The answer must be every line from the listing that holds the string "with".

### [SUPPLIED MATERIAL]
____

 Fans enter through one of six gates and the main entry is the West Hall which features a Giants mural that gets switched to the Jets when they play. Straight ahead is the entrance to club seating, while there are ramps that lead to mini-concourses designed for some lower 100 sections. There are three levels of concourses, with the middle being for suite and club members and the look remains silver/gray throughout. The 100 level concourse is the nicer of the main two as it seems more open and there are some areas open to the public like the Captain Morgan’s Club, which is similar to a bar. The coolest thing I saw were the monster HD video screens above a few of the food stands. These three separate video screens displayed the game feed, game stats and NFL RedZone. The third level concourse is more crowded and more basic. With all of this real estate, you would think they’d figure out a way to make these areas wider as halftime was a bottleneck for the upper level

____

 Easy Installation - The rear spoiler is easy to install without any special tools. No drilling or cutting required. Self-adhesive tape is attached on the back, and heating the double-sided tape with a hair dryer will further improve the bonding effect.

____

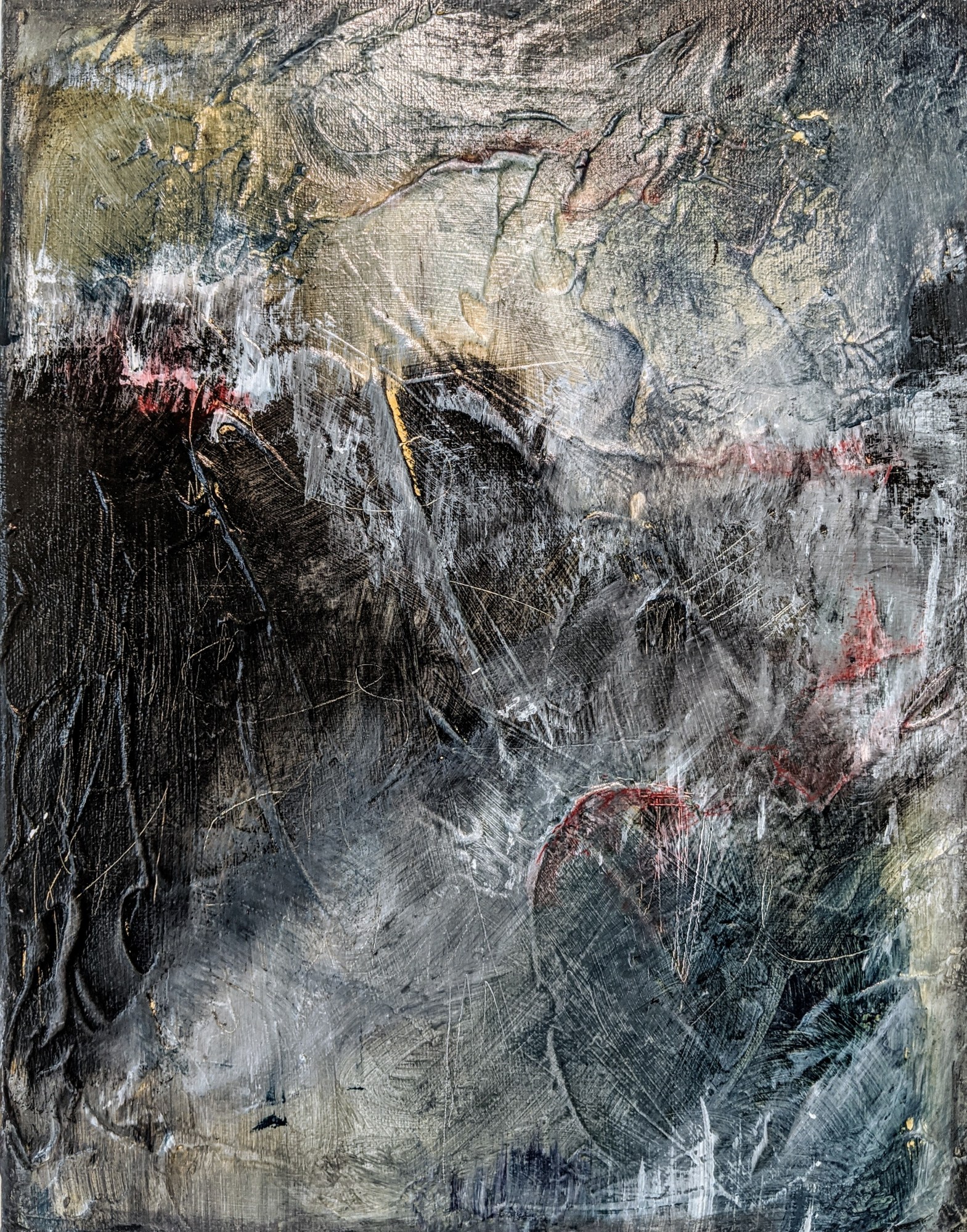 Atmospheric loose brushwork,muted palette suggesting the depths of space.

____

### [FINISHED EXERCISE]
 Fans enter through one of six gates and the main entry is the West Hall which features a Giants mural that gets switched to the Jets when they play. Straight ahead is the entrance to club seating, while there are ramps that lead to mini-concourses designed for some lower 100 sections. There are three levels of concourses, with the middle being for suite and club members and the look remains silver/gray throughout. The 100 level concourse is the nicer of the main two as it seems more open and there are some areas open to the public like the Captain Morgan’s Club, which is similar to a bar. The coolest thing I saw were the monster HD video screens above a few of the food stands. These three separate video screens displayed the game feed, game stats and NFL RedZone. The third level concourse is more crowded and more basic. With all of this real estate, you would think they’d figure out a way to make these areas wider as halftime was a bottleneck for the upper level
 Easy Installation - The rear spoiler is easy to install without any special tools. No drilling or cutting required. Self-adhesive tape is attached on the back, and heating the double-sided tape with a hair dryer will further improve the bonding effect.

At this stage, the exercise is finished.